** Supplied records follows **

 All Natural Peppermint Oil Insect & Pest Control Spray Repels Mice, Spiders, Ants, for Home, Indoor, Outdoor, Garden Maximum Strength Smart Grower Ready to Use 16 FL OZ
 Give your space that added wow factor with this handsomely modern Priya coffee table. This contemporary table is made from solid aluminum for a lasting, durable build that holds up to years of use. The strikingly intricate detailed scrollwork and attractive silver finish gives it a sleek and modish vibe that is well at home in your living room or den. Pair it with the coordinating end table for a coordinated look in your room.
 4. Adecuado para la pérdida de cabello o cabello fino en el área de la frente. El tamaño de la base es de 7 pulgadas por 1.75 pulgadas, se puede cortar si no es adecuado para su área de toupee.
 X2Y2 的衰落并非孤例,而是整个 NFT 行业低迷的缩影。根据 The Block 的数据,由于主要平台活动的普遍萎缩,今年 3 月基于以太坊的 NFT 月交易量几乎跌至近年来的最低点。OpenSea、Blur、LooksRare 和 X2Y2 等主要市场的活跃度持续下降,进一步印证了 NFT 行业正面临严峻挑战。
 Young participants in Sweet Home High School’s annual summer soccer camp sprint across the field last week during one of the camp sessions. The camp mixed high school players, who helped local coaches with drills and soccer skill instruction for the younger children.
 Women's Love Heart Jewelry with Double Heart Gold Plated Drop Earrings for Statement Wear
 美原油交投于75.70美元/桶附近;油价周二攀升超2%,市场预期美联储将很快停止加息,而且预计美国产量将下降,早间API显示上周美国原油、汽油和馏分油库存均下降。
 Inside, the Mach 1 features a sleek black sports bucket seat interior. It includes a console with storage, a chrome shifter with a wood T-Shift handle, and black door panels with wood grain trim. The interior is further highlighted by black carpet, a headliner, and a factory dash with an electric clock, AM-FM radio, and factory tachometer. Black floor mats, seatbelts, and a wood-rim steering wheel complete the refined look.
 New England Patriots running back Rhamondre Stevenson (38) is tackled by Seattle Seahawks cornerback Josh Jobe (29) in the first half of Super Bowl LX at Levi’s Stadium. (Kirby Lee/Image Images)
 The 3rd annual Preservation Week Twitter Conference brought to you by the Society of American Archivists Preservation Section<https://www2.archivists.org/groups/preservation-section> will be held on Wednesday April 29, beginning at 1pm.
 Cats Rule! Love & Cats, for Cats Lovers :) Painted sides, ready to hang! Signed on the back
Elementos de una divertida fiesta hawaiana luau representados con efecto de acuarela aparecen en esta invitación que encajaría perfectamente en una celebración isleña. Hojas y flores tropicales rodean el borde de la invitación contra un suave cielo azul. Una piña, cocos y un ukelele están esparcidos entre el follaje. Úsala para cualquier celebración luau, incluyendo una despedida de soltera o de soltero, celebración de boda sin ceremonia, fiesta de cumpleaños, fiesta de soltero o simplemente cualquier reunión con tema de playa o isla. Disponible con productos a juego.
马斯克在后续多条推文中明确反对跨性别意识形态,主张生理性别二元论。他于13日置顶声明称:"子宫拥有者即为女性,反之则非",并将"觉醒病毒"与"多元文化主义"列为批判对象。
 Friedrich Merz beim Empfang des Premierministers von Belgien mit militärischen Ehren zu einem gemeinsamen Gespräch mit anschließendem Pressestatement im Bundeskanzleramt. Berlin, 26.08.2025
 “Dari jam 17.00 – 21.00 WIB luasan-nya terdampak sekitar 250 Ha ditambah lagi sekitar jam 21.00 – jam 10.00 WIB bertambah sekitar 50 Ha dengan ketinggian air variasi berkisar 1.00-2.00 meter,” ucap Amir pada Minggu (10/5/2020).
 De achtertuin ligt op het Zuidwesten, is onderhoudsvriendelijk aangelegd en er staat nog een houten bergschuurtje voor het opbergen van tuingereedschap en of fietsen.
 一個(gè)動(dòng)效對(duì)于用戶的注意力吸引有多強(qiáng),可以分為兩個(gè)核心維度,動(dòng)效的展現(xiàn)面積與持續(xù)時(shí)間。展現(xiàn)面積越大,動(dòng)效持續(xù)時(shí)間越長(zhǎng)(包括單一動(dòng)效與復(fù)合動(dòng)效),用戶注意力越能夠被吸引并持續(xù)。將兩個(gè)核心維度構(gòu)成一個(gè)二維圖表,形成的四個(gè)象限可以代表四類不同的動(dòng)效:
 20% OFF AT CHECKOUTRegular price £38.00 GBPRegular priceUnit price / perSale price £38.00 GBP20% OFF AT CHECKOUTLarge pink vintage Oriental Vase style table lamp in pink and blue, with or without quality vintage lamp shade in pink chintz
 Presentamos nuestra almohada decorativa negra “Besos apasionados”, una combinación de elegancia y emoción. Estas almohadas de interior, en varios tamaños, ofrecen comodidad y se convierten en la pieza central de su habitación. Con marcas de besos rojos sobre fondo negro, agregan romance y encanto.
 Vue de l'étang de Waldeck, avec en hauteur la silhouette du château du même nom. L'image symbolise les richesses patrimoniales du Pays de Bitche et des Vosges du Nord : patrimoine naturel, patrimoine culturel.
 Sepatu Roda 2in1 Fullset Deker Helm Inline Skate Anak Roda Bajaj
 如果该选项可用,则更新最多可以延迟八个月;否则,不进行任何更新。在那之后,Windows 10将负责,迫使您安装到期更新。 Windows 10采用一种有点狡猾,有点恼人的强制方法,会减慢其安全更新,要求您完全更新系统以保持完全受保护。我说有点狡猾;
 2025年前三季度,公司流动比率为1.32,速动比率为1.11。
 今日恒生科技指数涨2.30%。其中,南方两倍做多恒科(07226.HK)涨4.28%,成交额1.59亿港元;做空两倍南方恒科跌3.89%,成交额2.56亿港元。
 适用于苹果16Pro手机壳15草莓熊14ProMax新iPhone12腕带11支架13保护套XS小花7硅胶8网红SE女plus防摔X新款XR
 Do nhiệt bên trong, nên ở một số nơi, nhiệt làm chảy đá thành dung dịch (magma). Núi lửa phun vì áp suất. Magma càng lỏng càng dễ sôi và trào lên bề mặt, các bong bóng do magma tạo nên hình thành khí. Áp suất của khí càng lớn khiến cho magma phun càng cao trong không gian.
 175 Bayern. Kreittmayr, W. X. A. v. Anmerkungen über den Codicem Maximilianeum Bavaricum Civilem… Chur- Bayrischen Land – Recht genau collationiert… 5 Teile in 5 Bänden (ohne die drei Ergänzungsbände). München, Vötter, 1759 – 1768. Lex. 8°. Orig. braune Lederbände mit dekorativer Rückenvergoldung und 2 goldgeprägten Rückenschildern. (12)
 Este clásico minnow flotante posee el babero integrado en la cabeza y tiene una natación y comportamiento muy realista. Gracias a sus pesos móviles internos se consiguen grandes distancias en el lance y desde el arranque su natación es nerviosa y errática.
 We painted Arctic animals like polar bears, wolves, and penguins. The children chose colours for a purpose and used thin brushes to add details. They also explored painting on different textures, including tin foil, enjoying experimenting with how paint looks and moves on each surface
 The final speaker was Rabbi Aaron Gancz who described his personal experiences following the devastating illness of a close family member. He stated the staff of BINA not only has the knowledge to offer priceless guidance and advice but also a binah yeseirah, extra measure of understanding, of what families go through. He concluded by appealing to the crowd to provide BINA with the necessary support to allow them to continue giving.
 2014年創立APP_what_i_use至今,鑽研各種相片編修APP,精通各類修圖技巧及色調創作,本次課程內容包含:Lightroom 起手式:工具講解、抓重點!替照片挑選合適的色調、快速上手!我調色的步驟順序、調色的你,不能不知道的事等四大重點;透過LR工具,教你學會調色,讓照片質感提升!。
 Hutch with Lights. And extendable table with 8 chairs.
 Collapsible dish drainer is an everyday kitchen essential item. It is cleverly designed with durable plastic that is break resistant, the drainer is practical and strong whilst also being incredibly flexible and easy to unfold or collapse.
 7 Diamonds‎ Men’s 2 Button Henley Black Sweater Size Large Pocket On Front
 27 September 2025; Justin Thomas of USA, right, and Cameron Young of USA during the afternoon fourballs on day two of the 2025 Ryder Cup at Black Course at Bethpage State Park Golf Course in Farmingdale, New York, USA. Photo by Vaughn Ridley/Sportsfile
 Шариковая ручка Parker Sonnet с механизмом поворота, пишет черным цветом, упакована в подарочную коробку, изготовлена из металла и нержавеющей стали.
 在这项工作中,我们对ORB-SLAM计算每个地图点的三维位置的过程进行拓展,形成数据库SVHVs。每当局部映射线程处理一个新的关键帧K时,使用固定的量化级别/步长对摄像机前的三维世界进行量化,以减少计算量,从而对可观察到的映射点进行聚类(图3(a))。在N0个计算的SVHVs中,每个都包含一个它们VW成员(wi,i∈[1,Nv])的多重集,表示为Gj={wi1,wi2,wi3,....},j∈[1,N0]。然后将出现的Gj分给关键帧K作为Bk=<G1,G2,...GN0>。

** End of Supplied records **

_What to produce_
Identify the lines above that contain the word "Love", then copy them.

_Solution_
 Women's Love Heart Jewelry with Double Heart Gold Plated Drop Earrings for Statement Wear
 Cats Rule! Love & Cats, for Cats Lovers :) Painted sides, ready to hang! Signed on the back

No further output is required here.